If you have defaulted on your mortgage payments, and if your lender, bank or mortgage company is looking to repossess your home through foreclosure, you should be looking for solutions to prevent this from happening. Here, in this article, we are going to look at two simple things you can do to stop the proceedings and save your home from foreclosure.
You Can Live With These Two Simple Solutions
Several ways exist that you can use to stop on your home from your bank, but the simple, first step to your solution is to contact your bank or lender and talk to them. It is generally agreed that it is not in the lender’s best interests to foreclose on your home. Since it is likely that they will be stuck with the property for a while and come out of the process losing money, they are more apt to help you find a solution to your problem. By doing so, you can keep your home and the lender can keep receiving payments without losing money on their investment.
After contacting your bank or lender, they may give you the option to refinance your mortgage balance at a reduced interest rate. This option to refinance at a lower rate could also effectively lower your monthly mortgage payment. This can certainly help you regain control of your monthly budget, and at the same time put you back on good footing with the lender. By the way, a refinanced loan is a new loan that begins all over again with a fresh start. You may even find that your first payment may be delayed a month or two as the loan is going through the processing. Another feature of the refinance, depending on your equity, is that the lender likely will allow you to ‘roll’ any late payments and fees into the new loan amount so you start with a new home loan that is current.
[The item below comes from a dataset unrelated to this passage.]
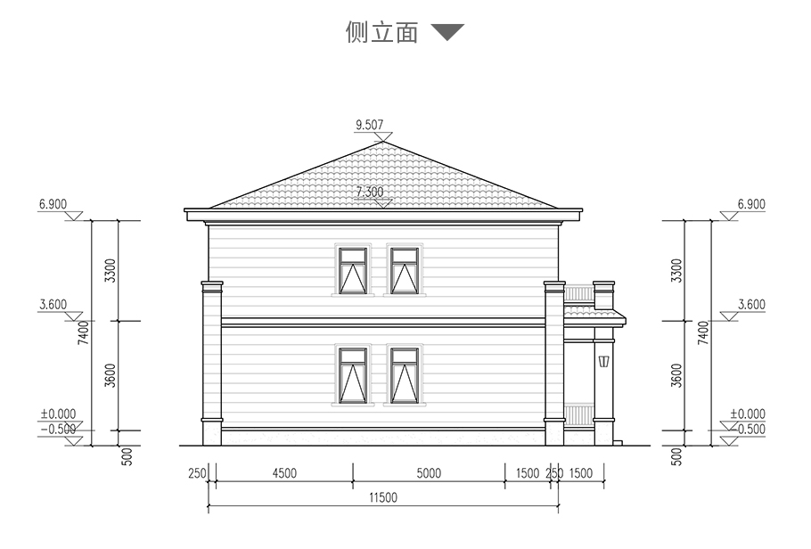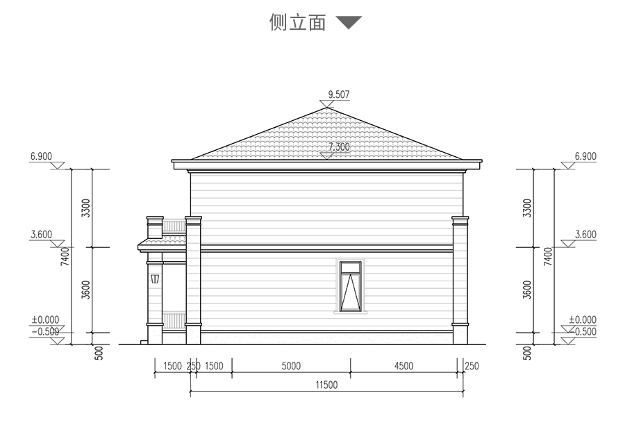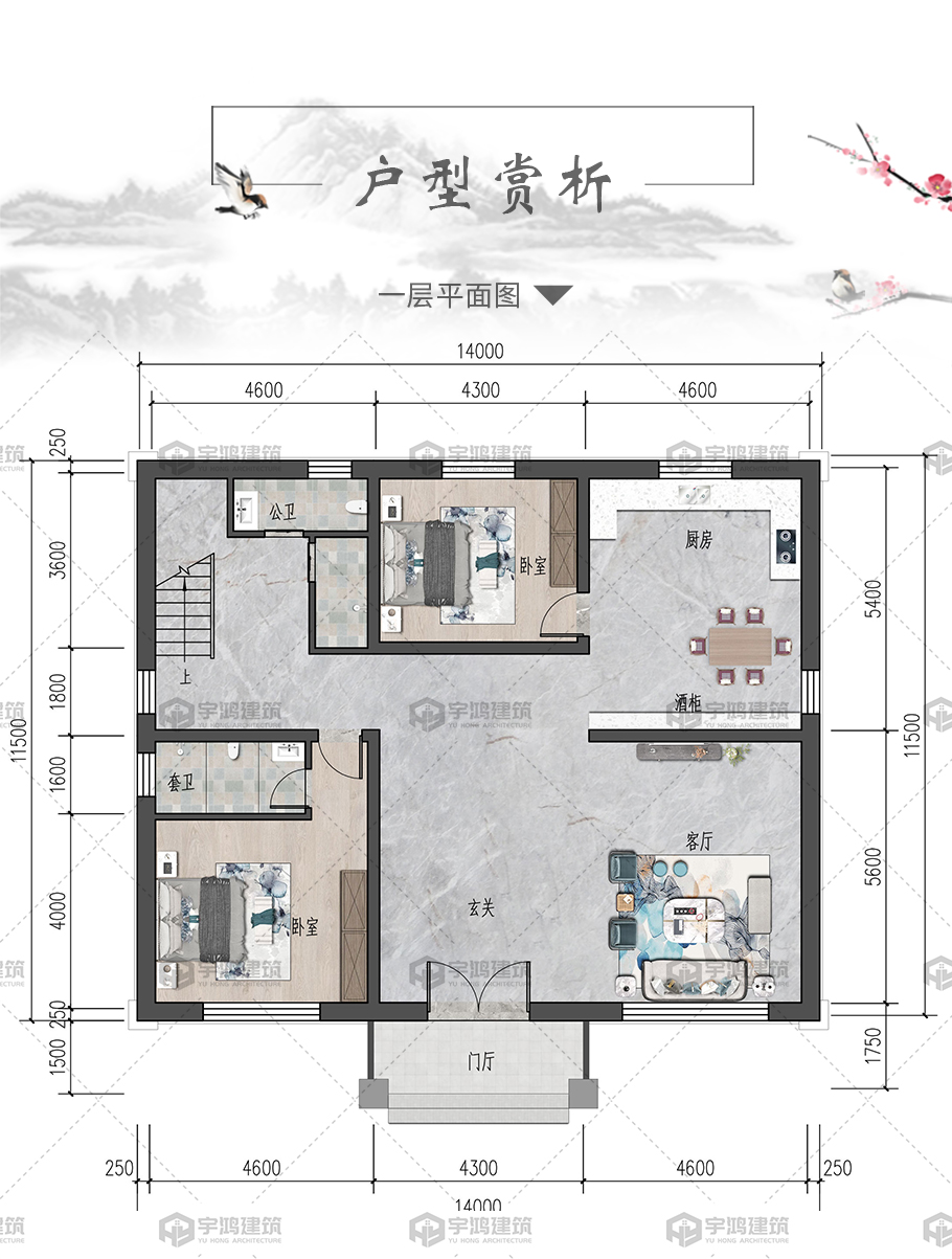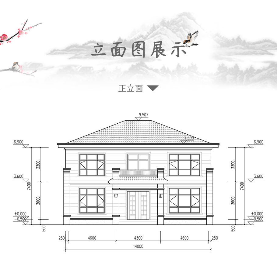 開間:14米 | 進深:11.5米 | 占地面積:165平方米 | 建筑面積:326平方米 |
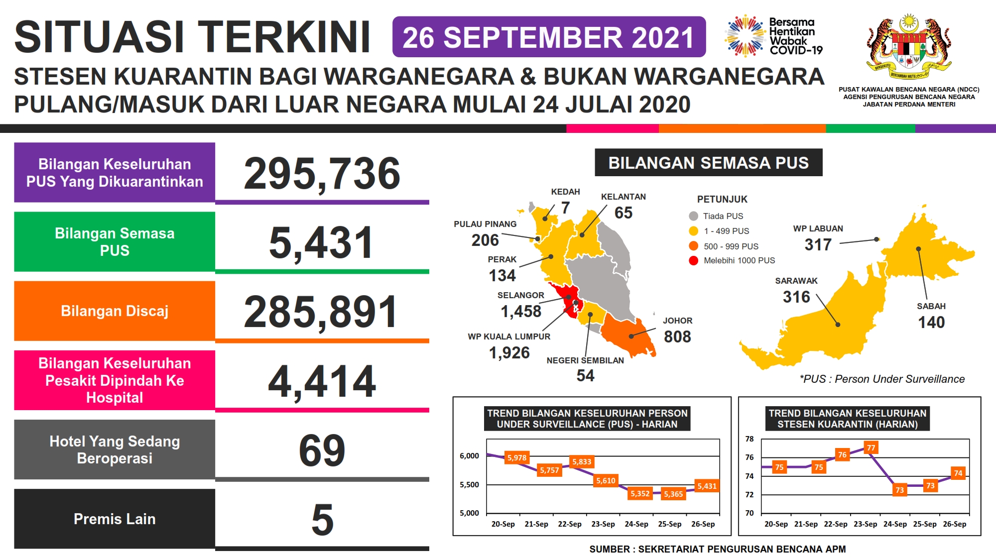 Situasi Terkini Stesen Kuarantin Bagi Warganegara Dan Bukan Warganegara Pulang/Masuk Dari Luar Negara 26/09/2021 Aiman Siaran Media 26 September 2021 Hits: 693 Rating: ( 0 Rating ) Please Rate Vote 1 Vote 2 Vote 3 Vote 4 Vote 5 Lihat / Muat Turun PDF Facebook Twitter Prev Next

While you can get back on good terms with the lender and get a fresh start, should you be able to get a lower interest rate for your new mortgage, your payments will likely be lower as we said before. Of course, that is assuming that you keep the same terms as your previous loan. If you get a longer term, you payments, your payments could be even less. However, there are reasons why a longer term is not a very good idea. While your monthly payment will be less and this options looks attractive after being in a financial mess, less of your new payment will go to principle (equity) and more will go toward interest, all of which could prove to be detrimental over the longer term. Either option is one of the solutions that can help you get back to sound financial footing, get the bank or lender off your back and get you a fresh start.
One less appealing choice, your second option, is to sell your house outright. This can be a difficult choice, because under duress and the additional time it will take to sell will put a lot of pressure on you, your family and the bank or lender that is still waiting for you to make payments. If it appears that you are trying to bail out on the loan, the bank may become suspicious and they may not be willing to work with you while you are in the selling process. Another thing to remember is that there are several fees associated with selling a house and the sales price will not be what you receive, so the final price you do get may not be enough to cover you loan balance and obligations.
In the final analysis, the best solutions are simple ones that keep you in your home and paying on your current loan. If you have fallen behind in your mortgage payments and looking at a possible foreclosure, finding a way to get caught up and back on good financial ground is the better option. You may even consider taking a second job temporarily or working from home in your spare time to keep you ahead of the game for now while you work on and finalize your other options.